“Dance & Fashion” is a far-reaching exploration of the relationship between two intrinsically linked art forms. The show, organized by the Museum at FIT’s director Dr. Valerie Steele, features original costumes created by fashion’s elite.
Ms. Steele opted to focus on performance dance rather than social dancing, a term encompassing everything from 1950s jive to disco. Working with institutions such as the Paris Opera Ballet, choreographer Martha Graham, American Ballet Theater and Dance Theater of Harlem Ms. Steele curated almost 100 dance costumes, enough tulle to make any aspiring ballerina swoon.
Ballet has enjoyed a recent renaissance among the fashion crowd. Editors are swapping yoga pants for pointe shoes and ballet-based fitness classes, master couturier Valentino Garavani created 25 costumes for the New York City Ballet’s 2012 Fall gala while Hedi Slimane relaunched the Saint Laurent ballet pump with Gracie Van Gastel last year. Yet fashion’s love affair with dance is longstanding. Serge Diaghilev invited Coco Chanel to design swimwear-inspired costumes for Darius Milhaud’s 1928 performance Le Train Bleu, more legendary than ever, today.
Marc Happel, director of costumes for the New York City Ballet, played a large part in sourcing the designs for the display. “He was really important,” according to Ms. Steele. “Identifying dance costumes created by fashion designers and explaining the processes involved in working with them to create dancer’s costumes.” Ultimately, Mr. Happel taught her “how different it was to do a dance costume than regular fashion.”

Among the designers on display to have worked with the NYCB are Olivier Theyskens, Rodarte, Valentino Garani—whom Mr. Happel describes as “the last great couturier”—and Gilles Mendel. Mr. Mendel, who designed for a production of Call Me Ben, told the museum, “The key difference between fashion design and costume design is one of perspective. In dance, the garment needs to register from 20 feet away. But the true alchemy comes down to the dancer, whose grace and athleticism bring the costumes, quite literally, to new heights.” Mr. Happel describes designing for a dancer as akin to “clothing an athlete.”
Dance influences designers just as much as fashion makes itself present in the theater. Both John Galliano and Dior drew inspiration from ballet and Cristóbal Balenciaga was influenced extensively by flamenco.
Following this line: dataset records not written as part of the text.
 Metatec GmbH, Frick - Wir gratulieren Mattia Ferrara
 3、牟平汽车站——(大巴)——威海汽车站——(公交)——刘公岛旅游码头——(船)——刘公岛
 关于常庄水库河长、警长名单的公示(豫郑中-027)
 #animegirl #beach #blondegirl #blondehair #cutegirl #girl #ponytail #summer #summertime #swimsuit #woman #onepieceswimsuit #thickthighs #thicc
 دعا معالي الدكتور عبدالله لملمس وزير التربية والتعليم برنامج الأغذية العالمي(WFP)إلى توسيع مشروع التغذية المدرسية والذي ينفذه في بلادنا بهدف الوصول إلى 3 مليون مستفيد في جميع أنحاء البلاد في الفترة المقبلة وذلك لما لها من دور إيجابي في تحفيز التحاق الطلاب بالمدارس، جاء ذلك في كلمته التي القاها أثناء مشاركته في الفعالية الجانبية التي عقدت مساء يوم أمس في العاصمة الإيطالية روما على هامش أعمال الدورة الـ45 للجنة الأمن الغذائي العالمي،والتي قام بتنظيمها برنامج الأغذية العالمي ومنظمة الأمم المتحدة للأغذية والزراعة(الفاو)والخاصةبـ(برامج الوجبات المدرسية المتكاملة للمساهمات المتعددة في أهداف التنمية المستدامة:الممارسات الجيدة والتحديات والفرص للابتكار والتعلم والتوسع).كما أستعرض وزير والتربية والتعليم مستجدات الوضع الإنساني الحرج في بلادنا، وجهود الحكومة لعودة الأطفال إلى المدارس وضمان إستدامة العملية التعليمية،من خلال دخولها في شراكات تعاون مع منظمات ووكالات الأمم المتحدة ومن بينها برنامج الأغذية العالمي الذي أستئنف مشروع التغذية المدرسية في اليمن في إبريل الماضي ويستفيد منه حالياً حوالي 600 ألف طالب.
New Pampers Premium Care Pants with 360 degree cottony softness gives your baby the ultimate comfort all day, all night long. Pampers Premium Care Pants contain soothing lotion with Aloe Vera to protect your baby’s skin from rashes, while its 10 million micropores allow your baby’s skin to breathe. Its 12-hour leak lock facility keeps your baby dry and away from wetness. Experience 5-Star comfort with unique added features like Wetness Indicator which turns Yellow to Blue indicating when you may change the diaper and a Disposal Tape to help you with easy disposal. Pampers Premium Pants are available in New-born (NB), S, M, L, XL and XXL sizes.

The 1950 Cristobal Balenciaga dress is a statement piece rich with silk taffeta and cut velvet that would not look out of place at a peña flamenca, while dresses by Elsa Schiaperelli, Oscar de la Renta and Ralph Lauren all make a star appearance in the exhibition’s “flamenco” section.
Of course, couture costumes are not just reserved for the female dancer. Designs worn by two of the world’s most famous male ballet dancers—Rudolf Nureyev and Mikhail Baryshnikov—are on show, as is a particularly eye-catching Jean Paul Gaultier men’s costume for a 1993 performance of Façade. Meanwhile, a 2011 Stella McCartney piece designed for the NYCB’s production of Ocean’s Kingdom on display—an utterly outlandish tattooed body stocking complete with spiked mohawk—is not only a testament to Ms. McCartney’s unrivalled ability to marry athleticism with style in her designs, but is proof of just how fashion-forward the NYCB can be.
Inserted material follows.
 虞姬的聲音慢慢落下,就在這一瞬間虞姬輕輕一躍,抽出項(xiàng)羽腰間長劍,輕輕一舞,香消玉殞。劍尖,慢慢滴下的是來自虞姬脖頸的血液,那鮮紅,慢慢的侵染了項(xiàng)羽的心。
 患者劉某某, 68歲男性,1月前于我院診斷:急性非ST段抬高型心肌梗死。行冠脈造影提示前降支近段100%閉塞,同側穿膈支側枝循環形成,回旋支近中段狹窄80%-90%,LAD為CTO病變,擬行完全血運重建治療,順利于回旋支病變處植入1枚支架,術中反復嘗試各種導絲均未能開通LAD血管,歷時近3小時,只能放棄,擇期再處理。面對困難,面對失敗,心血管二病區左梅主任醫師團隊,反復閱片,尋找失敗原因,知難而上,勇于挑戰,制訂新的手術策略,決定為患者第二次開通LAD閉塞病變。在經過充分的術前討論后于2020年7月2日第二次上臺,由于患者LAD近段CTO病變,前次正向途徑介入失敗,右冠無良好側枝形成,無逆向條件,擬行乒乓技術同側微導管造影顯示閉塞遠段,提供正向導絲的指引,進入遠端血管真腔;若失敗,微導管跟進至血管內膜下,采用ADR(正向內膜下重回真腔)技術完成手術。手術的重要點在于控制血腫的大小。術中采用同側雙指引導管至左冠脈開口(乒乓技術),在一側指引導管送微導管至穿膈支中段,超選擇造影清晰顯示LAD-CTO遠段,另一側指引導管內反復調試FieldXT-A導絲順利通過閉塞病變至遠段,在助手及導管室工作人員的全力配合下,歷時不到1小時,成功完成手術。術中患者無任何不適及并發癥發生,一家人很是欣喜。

The beauty of this exhibition lies in work by Rei Kawakubo of Commes des Garçons and Prabal Gurung sitting comfortably among the 1830s ballet tutus that line the walls. As does a Rick Owens ensemble. He was so enamored by African-American step dancers he had a fully-fledged step dancing group named Team Vicious perform on the runway for his spring/summer 2014 collection. The performance was deemed by Vogue to be “major.”
And no fashion exhibition in the past few years would be complete without a touch of Lady Gaga. For this occasion a lust-worthy pair of “Lady Pointe Shoes,” designed by Noritaka Tatehana for the singer’s video Marry the Night, are on display. A gravity defying 18-inches-tall, the shoes were paired with a ballet-inspired costume made from pink latex in true Gaga style.
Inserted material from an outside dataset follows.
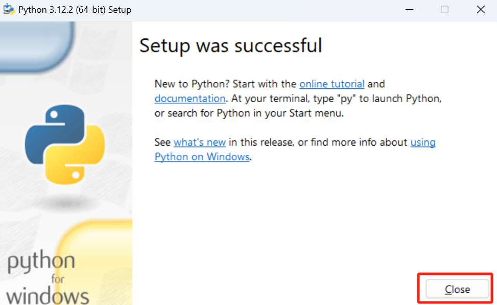 点击 “Close” 按钮关闭安装界面。

Decades before Gaga, there was Josephine Baker, who stepped on to the stage at the Folies Bergére in 1926 wearing nothing but a banana skirt. Causing more than just a stir, Baker became a fashion icon in Jazz Age Paris with the world’s great couturiers scrambling to dress her. It’s no coincidence then that Prada’s 2011 banana skirt—surely a nod to the indomitable Baker—is one of the many standout pieces of “Dance & Fashion.” With bananas plastered across a frilled hemmed skirt, the piece is, perhaps the perfect example of the many ways in which dance filters down into fashion.